When I called on a Monday and asked about the overnight parking lot and back country camping she said, ‘Oh, they have closed off that entire area to back country camping because of bear activity. You can camp in the actual campground, but not in the back country.”

Wha?

She said they had just closed it off on Friday.

Now what? So, I began trying to figure out how we could do this. I did not want to stay in an actual campground. I really wanted to get out away from tons of people and just really be able to take in nature. The alternative plan I came up with  sounded like that would be the case. It turned out to be anything but that.

Lesson 2.

    Keep the itinerary small

After going over things in my head and knowing the area a ‘little’ from the previous years day hiking I had done out there, I came up with an alternate plan. While it was doable, in retrospect, it really was too much for a 4 day trip.

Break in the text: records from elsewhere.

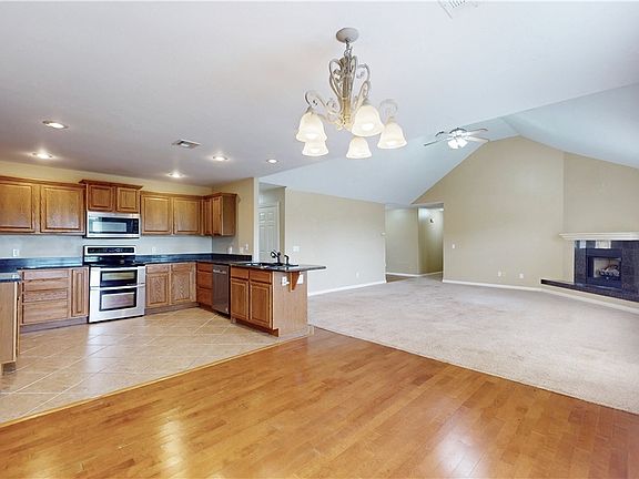 Split floor planAll brick homeOpen kitchenComfortable living spaceFenced backyardCathedral ceilings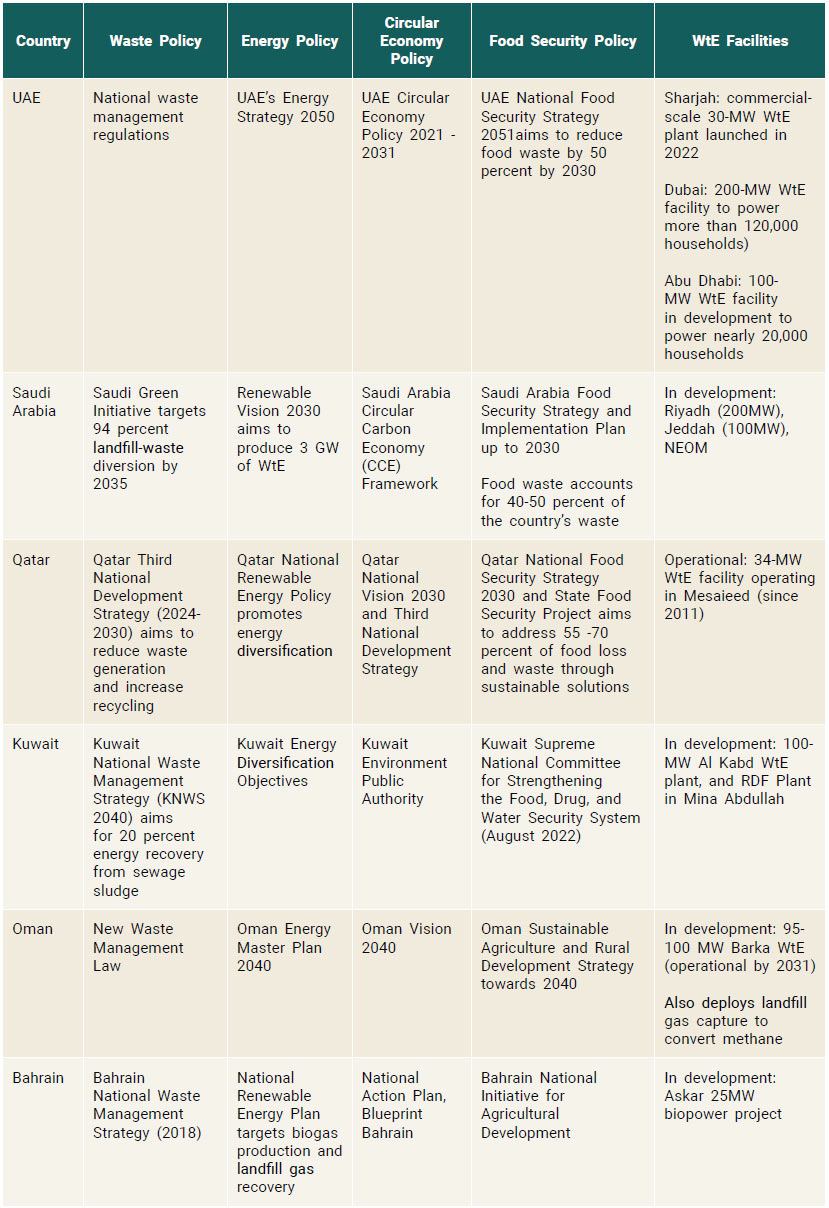 Waste-to-Energy (WtE) refers to the process of generating electricity or heat from waste treatment.7 While incineration tends to be more prevalent, anaerobic digestion (AD) and pyrolysis are commonly deployed to convert organic matter into biogas and bio-fertiliser.8 Converting waste into energy presents several co-benefits, namely strategic waste management enforcement, landfill diversion, material recovery, resource looping, and contributions to renewable energy. Given converging national commitments towards promoting circular economy principles and reducing food loss and waste, WtE through AD and pyrolysis offers a nascent yet economically viable solution to address agriculture and food waste, meet facilitylevel energy needs, and promote regenerative agriculture. This article assesses the evolving WtE landscape across the Gulf, evaluating opportunities and key challenges to leverage WtE within the region’s rapidly expanding agriculture sector.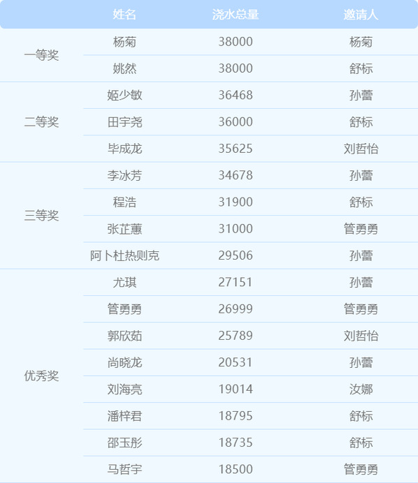 以下为获奖名单及其个人总浇水量: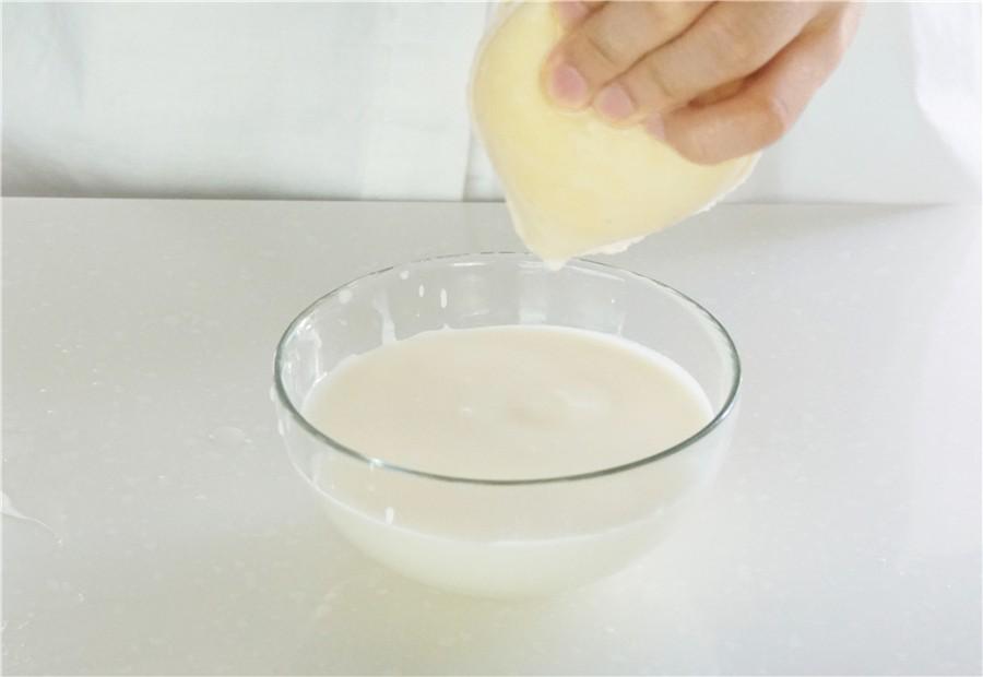 第二步:在一个大碗上套个纱布袋(煲汤袋、中药袋等),将黄油酪乳混合物倒进去,收紧袋口,把剩余的水份挤出,直至没有酪乳滴落;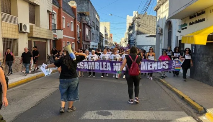 La columna avanza al grito de consignas históricas como “El Estado es responsable” y “Ni una menos”, reforzando el reclamo por políticas públicas de prevención, protección y justicia para las víctimas.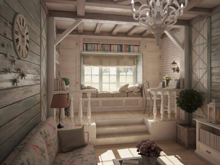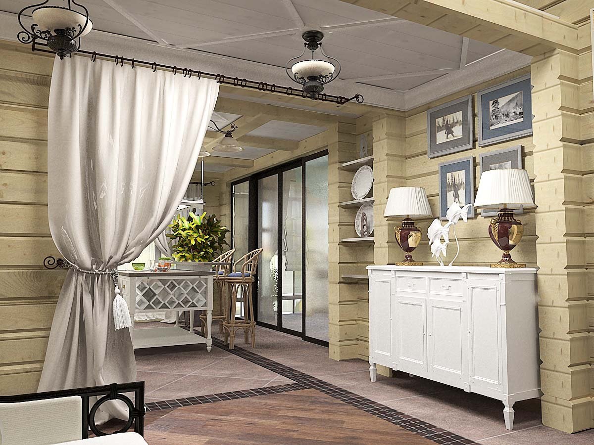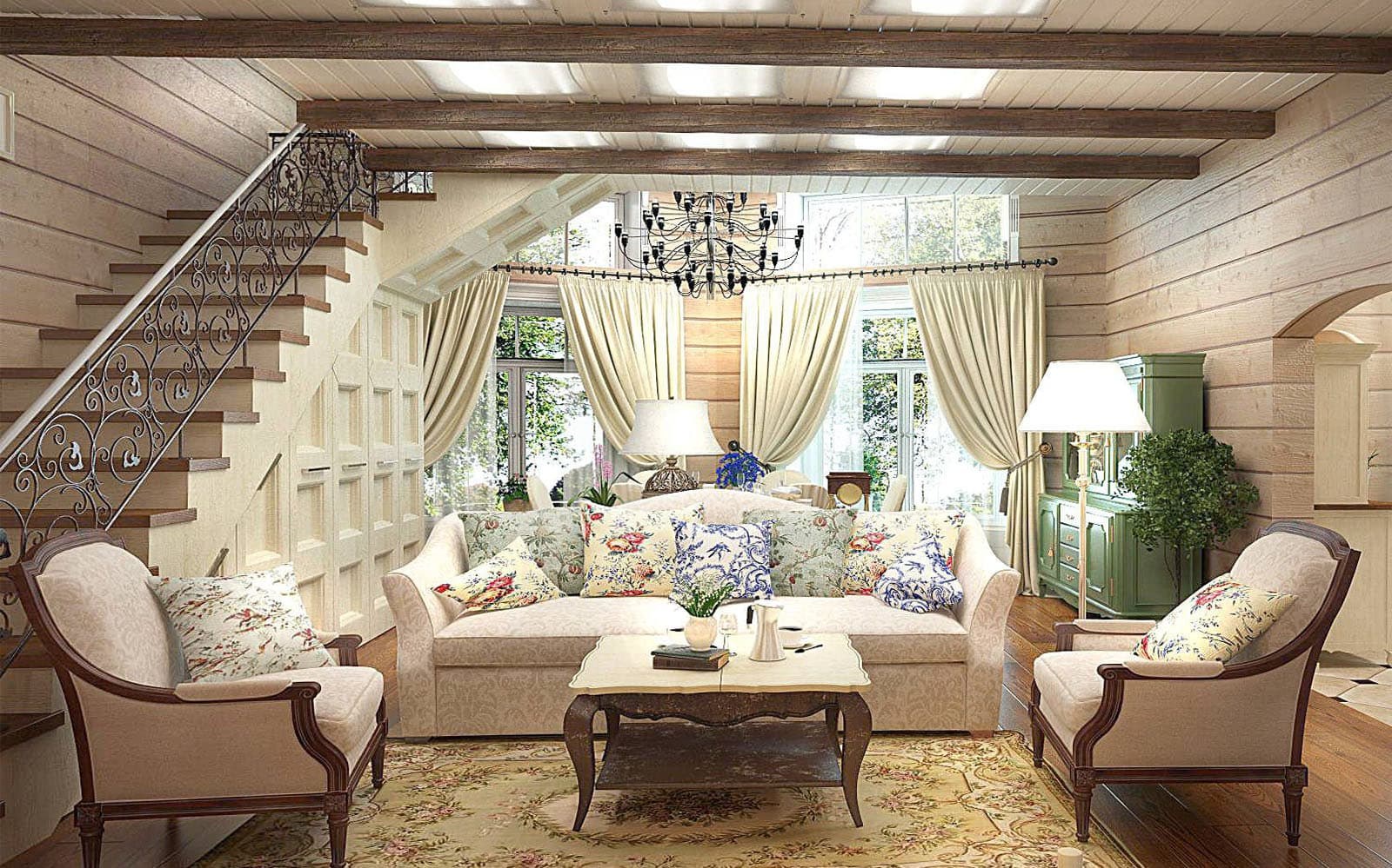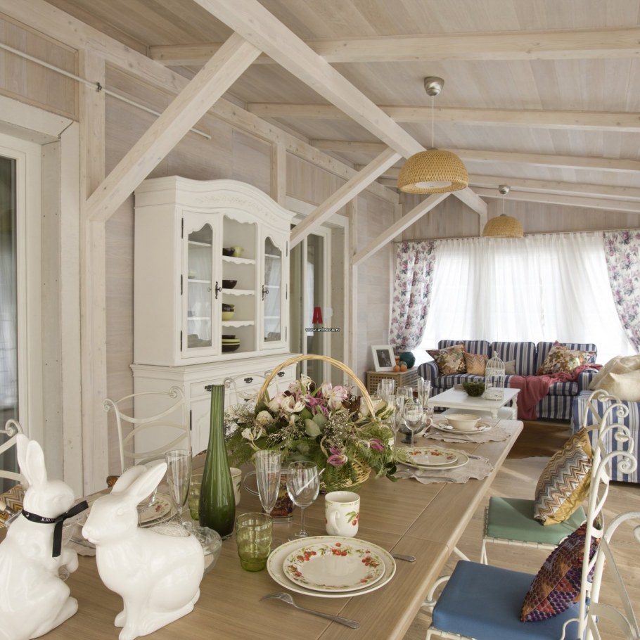 Интерьер в деревянном доме из бруса в стиле Прованс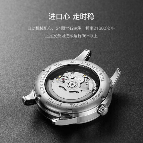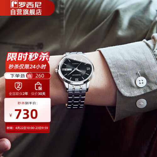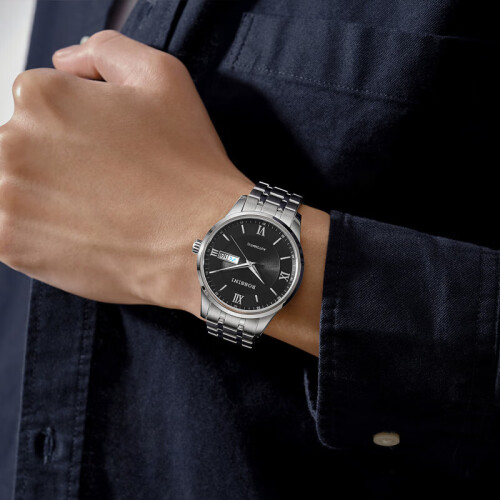 ROSSINI 罗西尼为经典国产腕表品牌。这款 雅尊商务系列 515701W04B 男士机械腕表,搭载进口机械机芯,黑色光泽表盘,太妃大三针,罗马数字标记3、639312点钟位置,3点位置有星期和日期的双利显示窗,边缘为分钟刻度。表壳直径约40毫米,厚约10.75毫米,蓝宝石表镜,50米防水。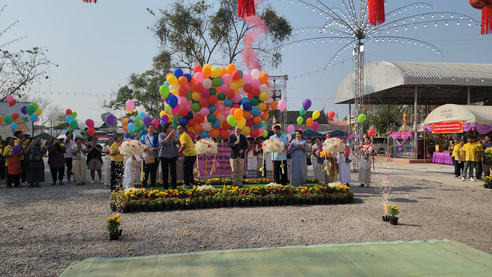 ก่อนเริ่มพิธีเปิดงาน พระสงฆ์ 19 รูป ร่วมเจริญชัยมงคลคาถา อาทิ พระครูสิริปุญญาภิวัฒน์ รองเจ้าคณะจังหวัด เจ้าอาวาสวัดสำโรง พระครูพิศาลสาธุวัฒน์ เจ้าคณะอำเภอเมืองนครปฐม เจ้าอาวาสวัดพะเนียงแตก พระศรีธีรวงศ์ เจ้าคณะอำเภอดอนตูม เจ้าอาวาสวัดพระประโทนเจดีย์ เป็นต้น จากนั้นคณะนางรำจากกลุ่มบาสโลป จากตำบลหนองกบ อ.บ้านโป่ง จ.ราชบุรี ร่วมรำบูชาสักการะถวายสิ่งศักดิ์สิทธิ์ด้านหน้าพระอุโบสถเพื่อเอาฤกษ์เอาชัย โดยไฮไลท์ในงานนี้ มีการปล่อยลูกโป่งนับพันลูก ทะยานขึ้นสู่ท้องฟ้าอย่างสวยงาม เพื่อเป็นการต้อนรับการเปิดงานปิดทองฝังลูกนิมิตรับเทศกาลตรุษจีนในปีนี้อย่างยิ่งใหญ่ เปรียบเสมือนการปล่อยทุกข์ปล่อยโศกโรคภัย และรับความโชคดีในช่วงเทศกาลตรุษจีนที่จะมาถึงนี้ หลังเสร็จสิ้นพิธีเปิดพระธรรมวชิรเจติยาจารย์ ได้เดินทางขึ้นพระอุโบสถเปิดผ้าคลุม เจิมและปิดทอง ลูกนิมิตลูกเอก เป็นปฐมฤกษ์ บรรยากาศเป็นไปอย่างคึกคัก ภายในงานประดับประดาไปด้วยโคมไฟสีแดงต้อนรับเทศกาลตรุษจีนที่จะมาถึง
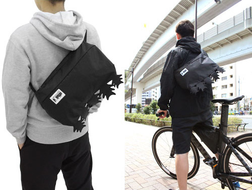 「哥吉拉背鰭造型斜背包」看似普通的黑色斜背包,能夠裝入各種平板手機、隨身物品、生活小物,並能隨著內容多寡調整形狀。然而如果只是這麼普通 COSPA 怎麼可能拿出來賣,上面縫有一片片珊瑚狀的裝飾物,那可是模仿哥吉拉背鰭的超棒造型呀!有了這幾片背鰭後出門都潮到出水,彷彿能從背鰭匯聚能量吐出熱線呢!(此商品並不會發光)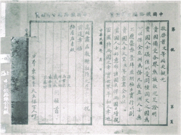 1916年,中華革命軍東北軍總司令居正向梅屋莊吉訂贈武器的訂贈單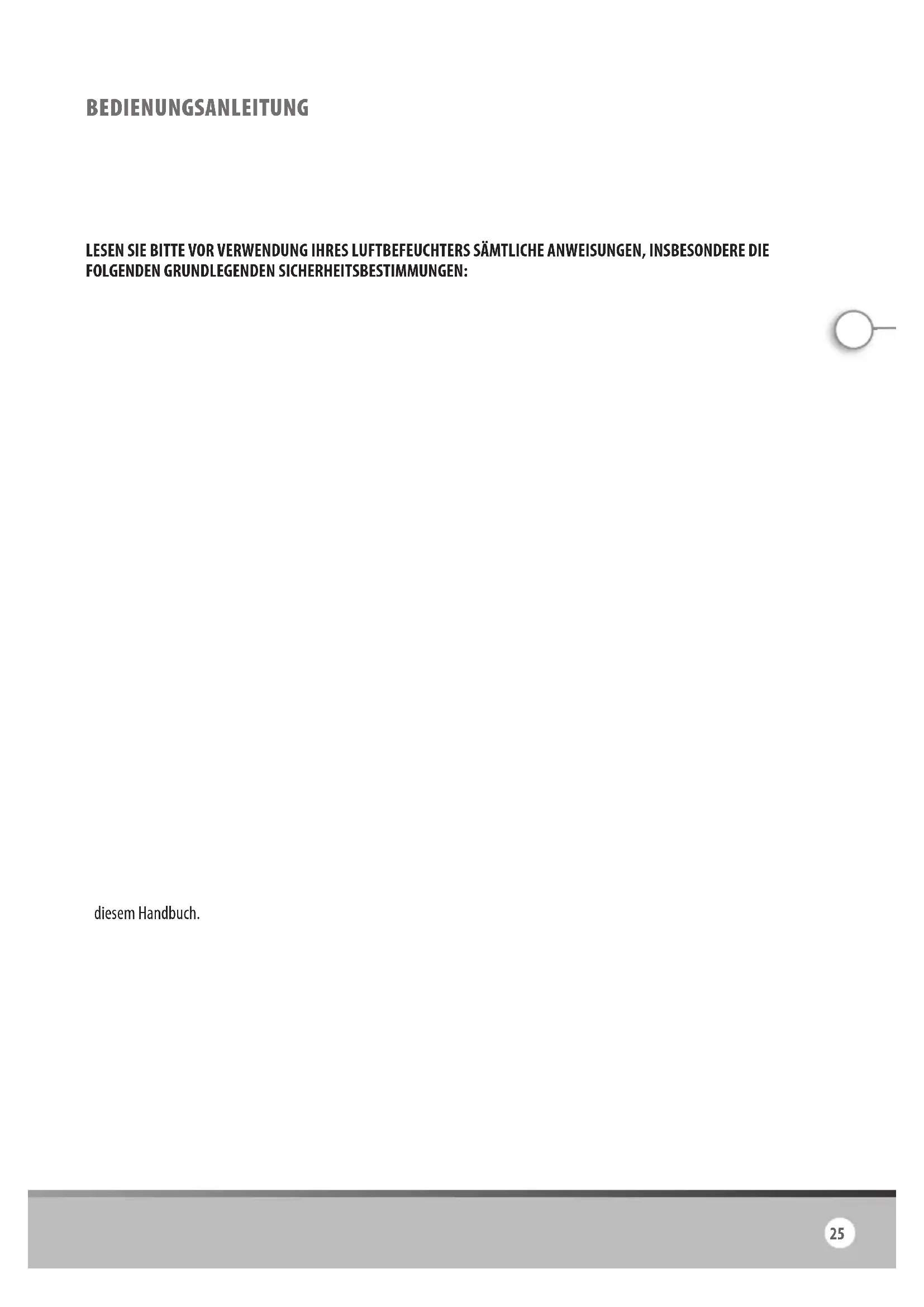 - Der Ultraschallbefeuchter muss regelmäßig gereinigt werden. Lesen und beachten Sie dazu die Reinigungshinweise in diesem Handbuch.

I desperately wanted to keep Grayson in the mix if at all possible. I also had come with the a doozy of a second hike. I thought, what if we did Grayson one day and then drove down to Roan Mountain, back in Tennessee, to hike the section of the Appalachian Trail from Carver’s Gap to 19E. This is the section that a lot of thru-hikers consider to be one of the prettiest of the AT.  Yes! That’s it! WE CAN DO IT!

So, after many, many revisions the following plan came together.

Day 1. Thursday. Leave late, after work, grab a drive thru dinner, go to a campsite two hours away called Rhea Springs Campground in Spring City, Tn. The reason was the drive to Grayson was 5 hours and it would be too much for me after having worked all day.

Day 2. Friday. Get up in Spring City and drive the 3 hours to Grayson. Arrive early and hike to Mt. Rogers and then back to the car. Mileage would be around 9-10 miles depending on trails. Leave Grayson and drive to Mtn. Harbor Hostel in Roan Mountain, TN  to tent camp and then ride their shuttle to Carver’s Gap at 10 am on Saturday morning.

Day 3. Saturday. Get up, eat, take shuttle to Carver’s Gap and begin the hike to Overmountain Shelter. 5.9 miles and camp there for the night.

Day 4. Sunday. Leave Overmountain Shelter and hike ten miles back to Mtn. Harbor and my car. Go grab a burger and head home..four hour drive.

Simple, huh? Yeah. Simple.

Lesson 3.

     Not everything on the internet is as perfect as it sounds

I am cheap. Really cheap. Like I pretty much look for free whenever possible. So, I thought there has to be free campsites available. I found a website called FreeCampsites.net .  It’s a neat little website. Who knew that most Walmarts allow free camping in their parking lots for RV’s and cars? I did not want to stay in a Walmart parking lot in my car. You can plan out an entire trip using this site. If I had an RV this would definitely come in handy. I was looking for a site somewhere near I40 east two hours from Lebanon, TN. I found one and the reviews made it sound like I had hit pay dirt on a great site. So, down on paper went the Rhea Springs Campground campsite for our very late arrival on Thursday night.

The campsite. We roll in very, very late to a packed campground. There are lots of RV’s and tents and zero spots to park. I ended up parking right next to the bathrooms. Kristie had driven her own car and opted to just sleep in hers and another, that rode with me, decided to sleep in my car. Another set up her tent and another and myself opted to find some place to throw up our hammocks.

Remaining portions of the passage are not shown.